An alternative plan would convert B-52s in 2030 to conventional-only missions and delay the LRSO to a future point if/when it appeared that the B-21’s ability to penetrate could come into question. By 2030, the Air Force should have a significant number of B-21s (the B-21 is scheduled to make its first flight in 2021 and enter service in 2025). With at least 100 planned, the Air Force should have a sufficient number of B-21s for the 300 nuclear weapons it appears to maintain at airfields where nuclear-capable bombers are currently based.
These kinds of ideas would free up billions of dollars in the 2020s that could be reallocated to conventional weapons systems. Delaying the GBSD and LRSO and their associated warhead programs by just one year (fiscal year 2021) would make available some $3 billion—enough money for a Virginia-class attack submarine. Delaying those programs for ten-fifteen years would make tens of billions of dollars available for the military’s conventional force needs.

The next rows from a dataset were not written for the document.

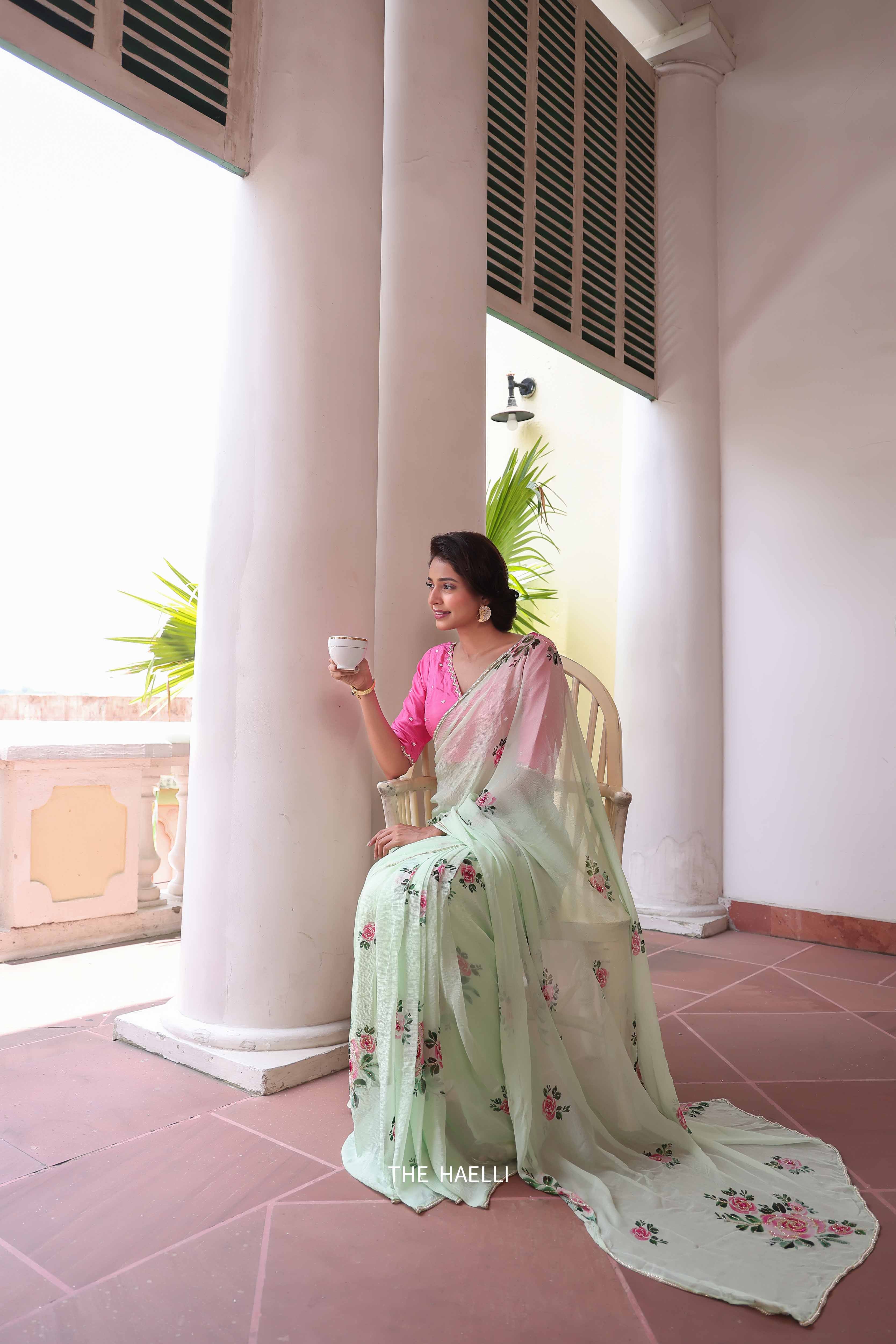 Pure chiffon silk saree with hand embroidered cutdana, moti and sitara border with a hint of hot pink detailing looks and feels like a dream.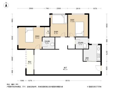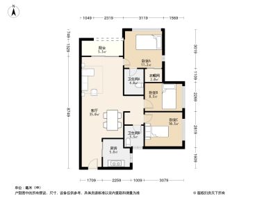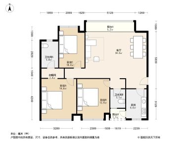 3室1厅2卫1厨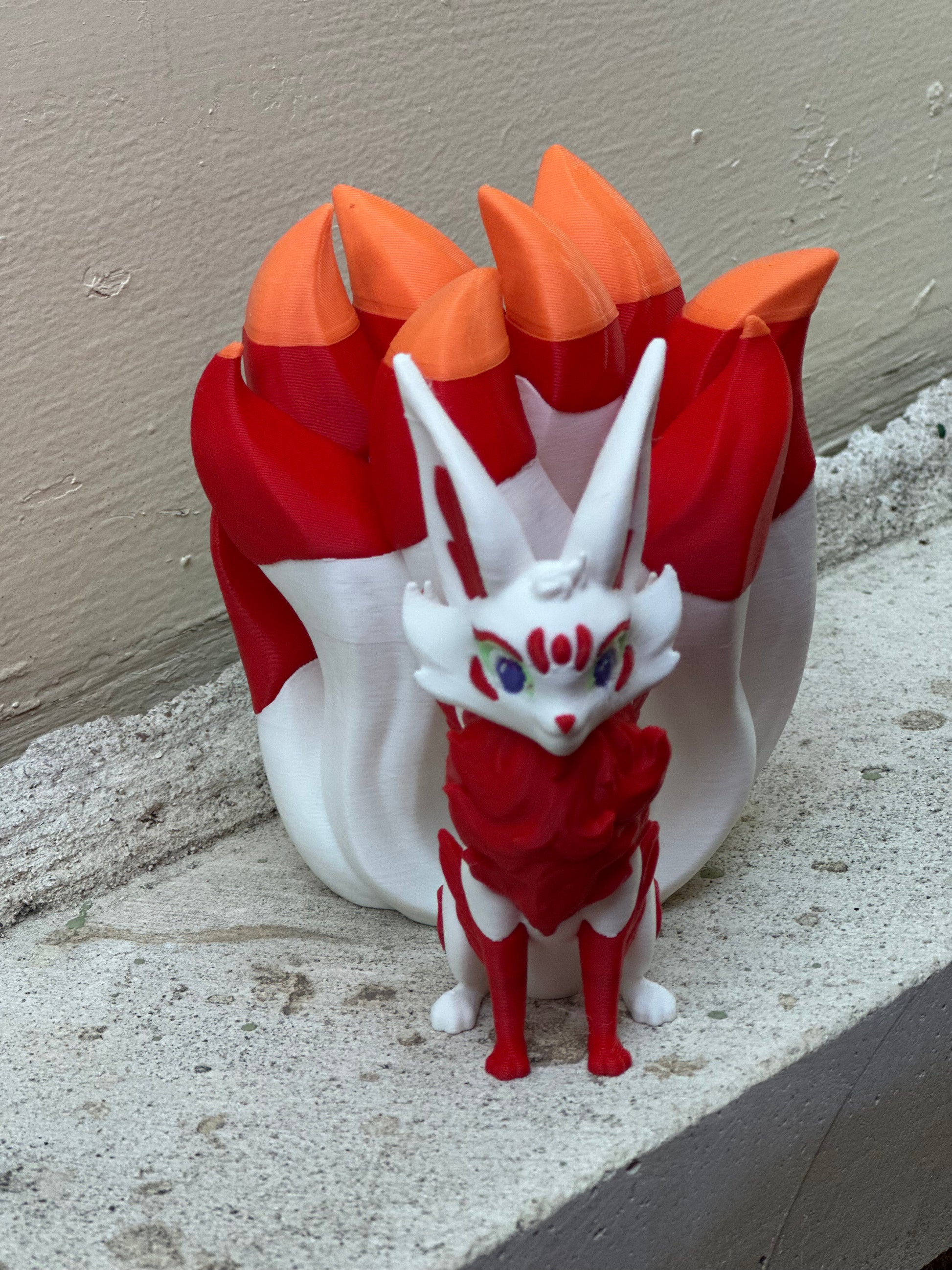 "Unleash Kitsura, the playful and poseable spirit fox, crafted with 3D printing technology and an articulating head. This whimsical companion adds a touch of magic to your desk or shelf. (Warning: playing with this fox may result in a sense of wonder and delight.)"

All things being equal, it is smarter and more efficient to choose to make decisions to curtail or delay major programs rather than to continue them until the money runs out and forces program termination. As it examines the administration’s proposed fiscal year 2021 defense budget, Congress should carefully consider the trade-offs and press the Pentagon to articulate how it weighed the trade-offs between nuclear and conventional forces. In the end, Congress should understand whether it is funding the force that is most likely to deter not just a nuclear attack, but to deter a conventional conflict that could entail the most likely path to nuclear war.